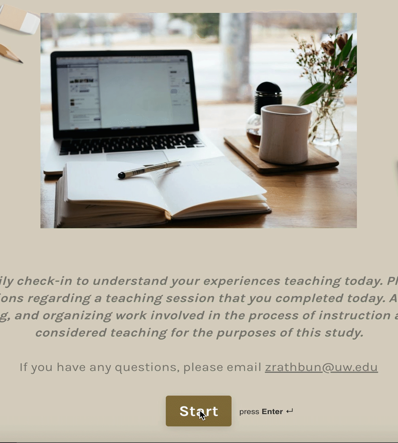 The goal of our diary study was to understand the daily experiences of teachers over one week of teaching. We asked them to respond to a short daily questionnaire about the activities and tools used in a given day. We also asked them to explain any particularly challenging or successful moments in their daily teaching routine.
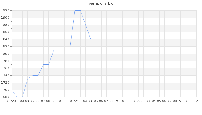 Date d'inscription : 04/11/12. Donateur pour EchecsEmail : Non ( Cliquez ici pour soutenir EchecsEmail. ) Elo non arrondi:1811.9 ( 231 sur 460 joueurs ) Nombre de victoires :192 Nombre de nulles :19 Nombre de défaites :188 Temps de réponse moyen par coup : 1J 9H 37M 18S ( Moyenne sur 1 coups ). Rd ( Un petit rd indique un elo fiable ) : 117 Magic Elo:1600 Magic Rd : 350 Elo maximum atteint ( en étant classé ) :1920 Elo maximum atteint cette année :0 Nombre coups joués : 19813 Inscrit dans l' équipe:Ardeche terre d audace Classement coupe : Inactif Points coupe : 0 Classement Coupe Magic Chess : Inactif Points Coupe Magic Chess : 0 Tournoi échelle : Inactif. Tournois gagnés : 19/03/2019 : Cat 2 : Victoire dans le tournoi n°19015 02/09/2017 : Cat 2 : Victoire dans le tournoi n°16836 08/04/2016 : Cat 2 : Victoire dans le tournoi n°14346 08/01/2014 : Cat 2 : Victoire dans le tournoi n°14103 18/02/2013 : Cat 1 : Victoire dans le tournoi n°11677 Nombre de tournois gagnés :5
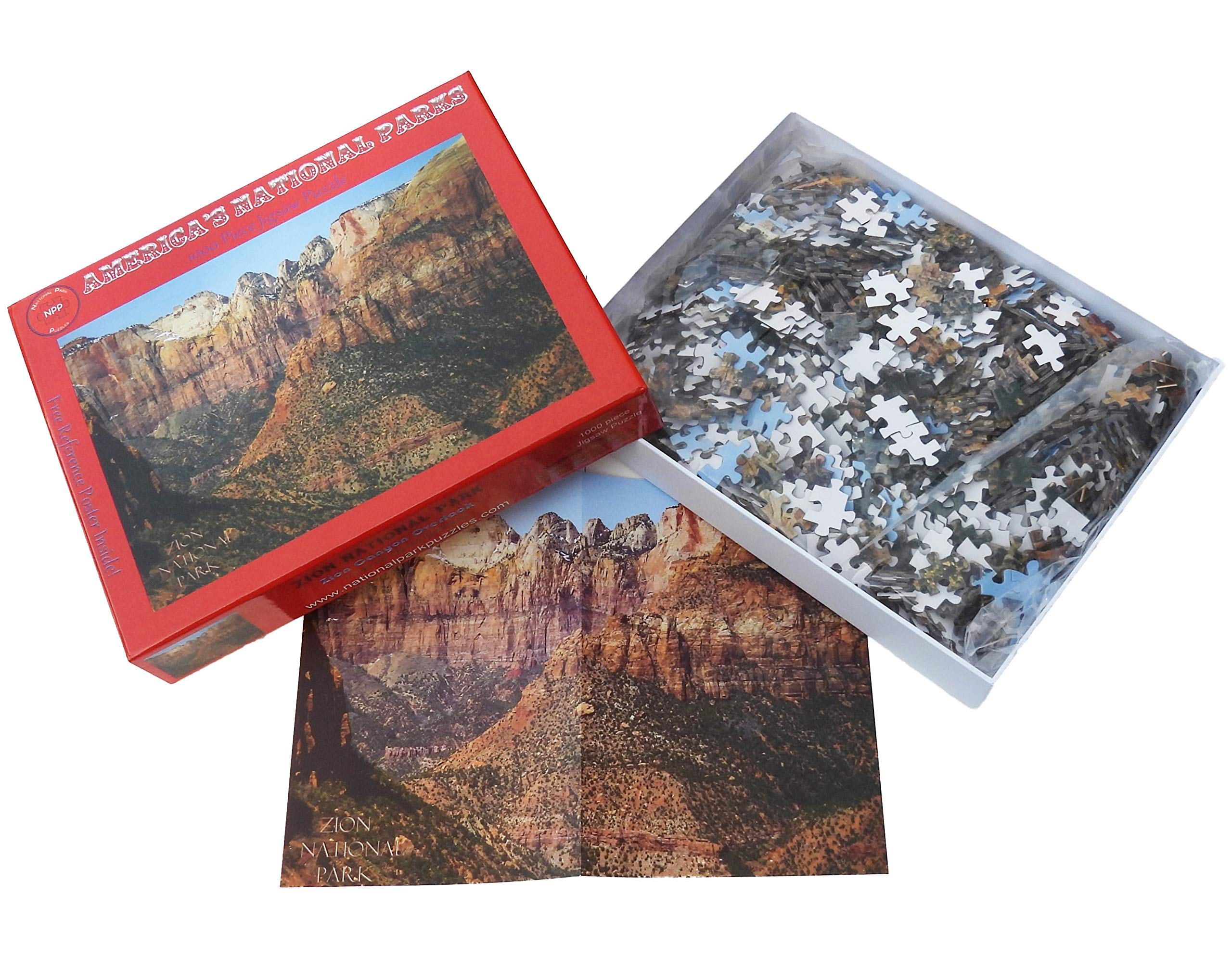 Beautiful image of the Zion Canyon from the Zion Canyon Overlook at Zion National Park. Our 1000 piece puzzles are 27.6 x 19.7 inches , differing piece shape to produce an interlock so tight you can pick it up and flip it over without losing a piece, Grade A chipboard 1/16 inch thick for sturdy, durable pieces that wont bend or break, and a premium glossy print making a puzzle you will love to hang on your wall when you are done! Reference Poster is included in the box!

* * *

_Goal of the exercise_. With the pictures left out, restate word for word every line of the data above, from the first down to the line that contains "Date d'inscription : 04/11/12.".

_Expected answer_.
 The goal of our diary study was to understand the daily experiences of teachers over one week of teaching. We asked them to respond to a short daily questionnaire about the activities and tools used in a given day. We also asked them to explain any particularly challenging or successful moments in their daily teaching routine.
 Date d'inscription : 04/11/12. Donateur pour EchecsEmail : Non ( Cliquez ici pour soutenir EchecsEmail. ) Elo non arrondi:1811.9 ( 231 sur 460 joueurs ) Nombre de victoires :192 Nombre de nulles :19 Nombre de défaites :188 Temps de réponse moyen par coup : 1J 9H 37M 18S ( Moyenne sur 1 coups ). Rd ( Un petit rd indique un elo fiable ) : 117 Magic Elo:1600 Magic Rd : 350 Elo maximum atteint ( en étant classé ) :1920 Elo maximum atteint cette année :0 Nombre coups joués : 19813 Inscrit dans l' équipe:Ardeche terre d audace Classement coupe : Inactif Points coupe : 0 Classement Coupe Magic Chess : Inactif Points Coupe Magic Chess : 0 Tournoi échelle : Inactif. Tournois gagnés : 19/03/2019 : Cat 2 : Victoire dans le tournoi n°19015 02/09/2017 : Cat 2 : Victoire dans le tournoi n°16836 08/04/2016 : Cat 2 : Victoire dans le tournoi n°14346 08/01/2014 : Cat 2 : Victoire dans le tournoi n°14103 18/02/2013 : Cat 1 : Victoire dans le tournoi n°11677 Nombre de tournois gagnés :5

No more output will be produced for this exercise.